Genius that I am, I FINALLY figured out why my template changes didn't take effect.
It's because I spelt colour with a u. And the good folk at blogger just don't take too kindly to that sort of thing.
All that is now changing though.
Because I'm officially dropping the u. It's just baggage from the British era that I can do without. And if I want baggage, I'm perfectly capable of supplying my own, thank you very much.
So here goes.
Color. Humor. Valor. Candor.
It sounds so wrong, and I feel naughty just typing that. Dropping the u is like going out topless!
I want to see how long this new u-lessness will last though. Just to show that I am dead serious about this, apart from going u-less, I'll also try really hard not to giggle when people say erb instead of herb. Because I could just never do that. Unless I'm doing a Cockney accent.
Note: I swear I know more words than that. I just happen to think four words are perfectly adequate in order to get the idea across without giving the impression that I'm out to impress with my jaw-dropping vocabulary. I'm not really given to sesquipedalianism.
Sunday, August 20, 2006
Subscribe to:
Post Comments (Atom)
9 comments:
haha...cute post!!
and I always have a debate whether to use to u words or not to use the u words!
Btw i love the titles uv given to our blogrolls...thx!:-)
I'm curious to see how long you can actually go 'u' less!! I doubt if I would last very long. In fact, I don't think I would last at all!! :O And it's not everyday that you learn a new word that puts a smile on your face! 'Sesquipedalianism' indeedy!! :D
Hahahaha.
Your sesquipedalianism reminds me of Blackadder's contrafribularities in the Samuel Johnson episode.
Also, nice new blog layout!
(Obviously the experiment worked!)
Color. Humor. Valor. Candor.
LOL! ooo raindrop! living life on the WIIIILD SIDE , eh?? eh??
;)
sesqua-wha?
oh you SHOWOFF, you.\
hmpf.
neighbour- neighbor?
oo oo a few of my favourites
diarrohea - diarrhea
aeroplane - airplane
i think i've misspelt both of them anyway
Ekta, drop the U! Give me no U! Give me no U! U-lessness is GOOD for you! Yeahhh!

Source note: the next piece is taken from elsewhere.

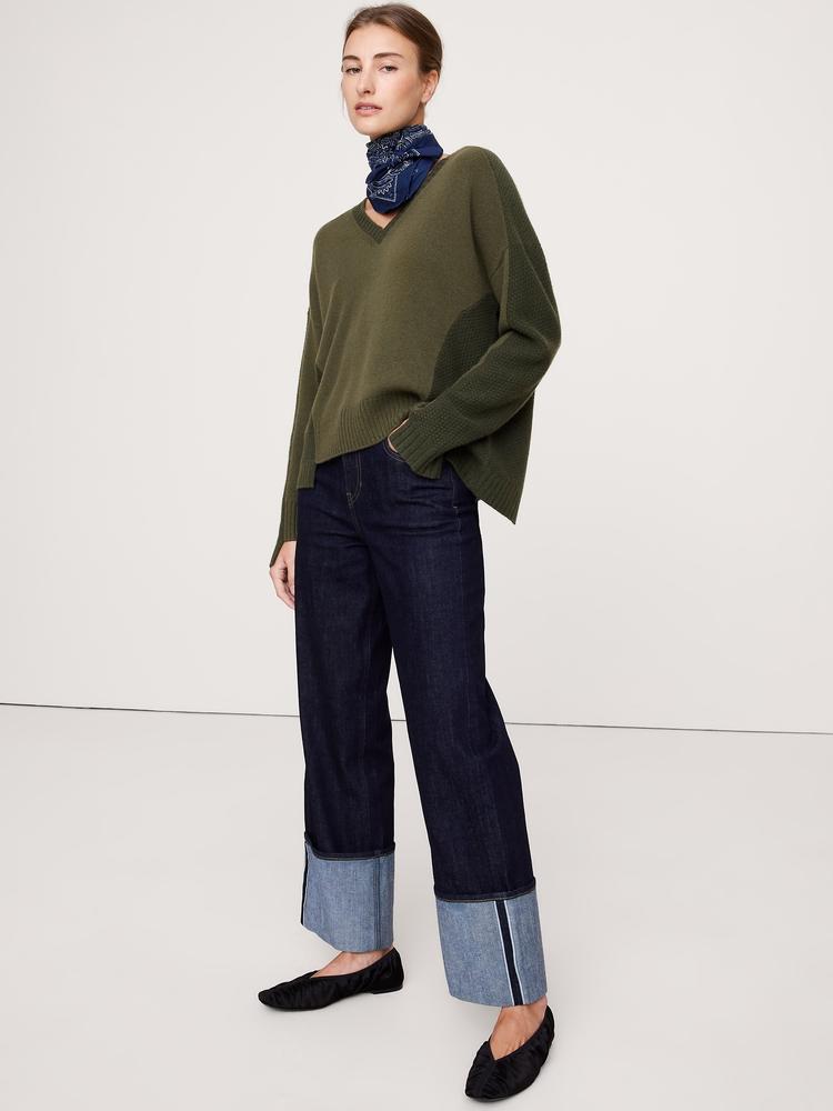 CASHMERE MIXED-STITCH V-NECK SWEATER

That's my little cheerleading routine for anyone else who's about to take the brave step. :)
Wishful, I live in one of those evil u-less countries, so I might just be able to pull it off..
Sesquipedalianism is a word I've been using a lot lately. People just look at me as though I have a speech defect. :)
Angry fix, I read that transcript. Blackadder is brilliant! Who'd have thought those stiff upper lipped bastards were actually funny as fuck?
Mahima, yup. I feel strangely liberated. I forgot neighbor! And all those other words! Thanks, I just made a mental note to spell those words a la Americaine. Even it kills my inner Britophile. :)
Am perversely anal about u's. Like, when Word underlines it as if it's a typo,and then I hit the Ignore icon with ferocity, snarling, take that, bleedin' yank software! But then, it's a side of the pond thing, i s'pos:-D
And the funny thing is,I think my decision to go u-less was a tad rash.
I think I might live to regret it. And yes, it's irreversible. If I said it on a blog, I'll have to do the HONORABLE (et voila, no u!) thing and stand by it.
Hehe, welcome to the land of oppor-too-nities!
I managed to outcast the 'u's, but can't in my life get into the skins of sem-I and mult-I.
Sem-I? *shock and horror!*
I would NEVER say sem-I. One has to have SOME limits!